Ein gänzlicher Verzicht auf Selbstbefriedigung wird dieses Problem nicht lösen, weil wir das Schädliche nicht durch etwas Hilfreiches ersetzten, sondern nur ein Vakuum schaffen. Dieses Vakuum können wir zwar auch anderweitig sinnvoll füllen, sprich sublimieren. Doch damit haben Männer noch nichts Neues gelernt für ihre sexuelle Entwicklung und Erfüllung und nichts für die Paarsexualität.
Grosses Kino
„Grosses Kino“, sagte mir kürzlich ein junger Ehemann nach einem Vortrag und drückte mir dankend die Hand zum Abschied. Ihr lieben „Moralapostel der Selbstbefriedigung“ da draussen. Ihr wisst gar nicht, wie frustriert Ehemänner und Ehefrauen über ihre erlebte Sexualität sind, und wie sehr sie sich nach lustvollen Erlebnissen miteinander sehnen. Und das wirklich Schöne daran ist – man kann das lernen, wenn es einem erlaubt ist. Für diese Erlaubnis werde ich mich weiterhin mit aller Kraft einsetzen – gegen alle Widerstände.
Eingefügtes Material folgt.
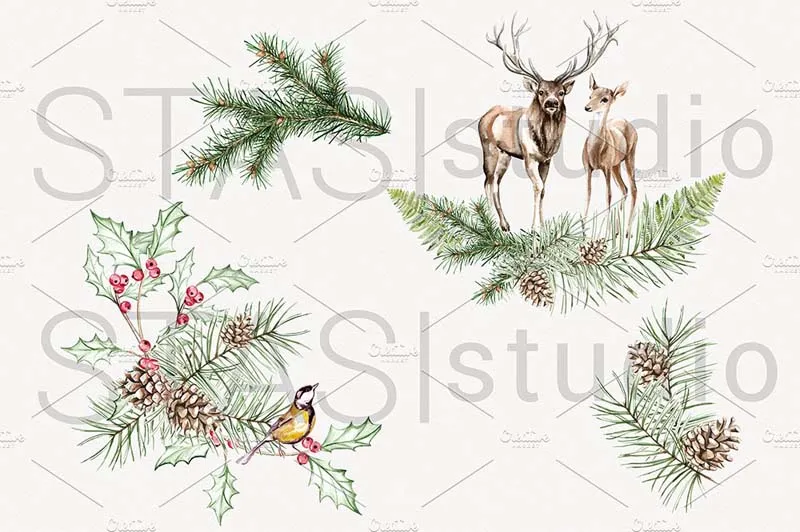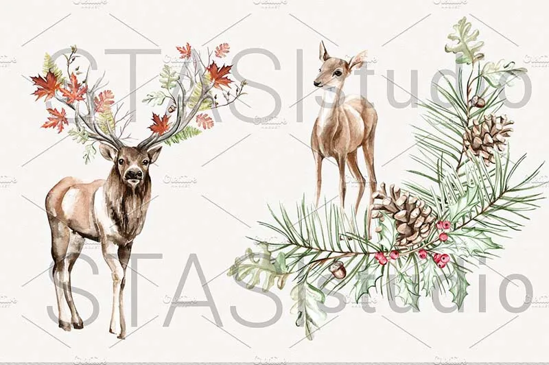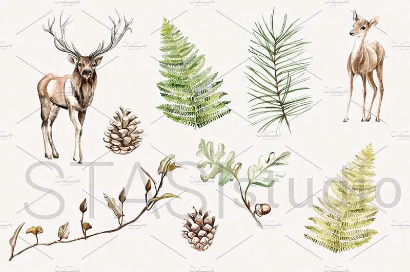 小鹿水彩剪贴画,鹿角剪贴画水彩驯鹿,森林剪贴画,DIY包,花卉规划师图松果剪贴画

Herzliche Grüsse - Veronika
* Es gibt in den diversen Lebensgeschichten der Bibel natürlich noch viel mehr sexuelle Szenen, deren Interpretation einige interessante Ansätze zu Tage fördern könnte über Gottes Haltung zu Sex. Doch diese waren nicht geeignet, um Sex als lernbare Fähigkeit zu vermitteln oder das Zusammenleben von Liebespaaren zu illustrieren.
** GLINUS = Insiderbegriff für „gläubig in unserem Sinne".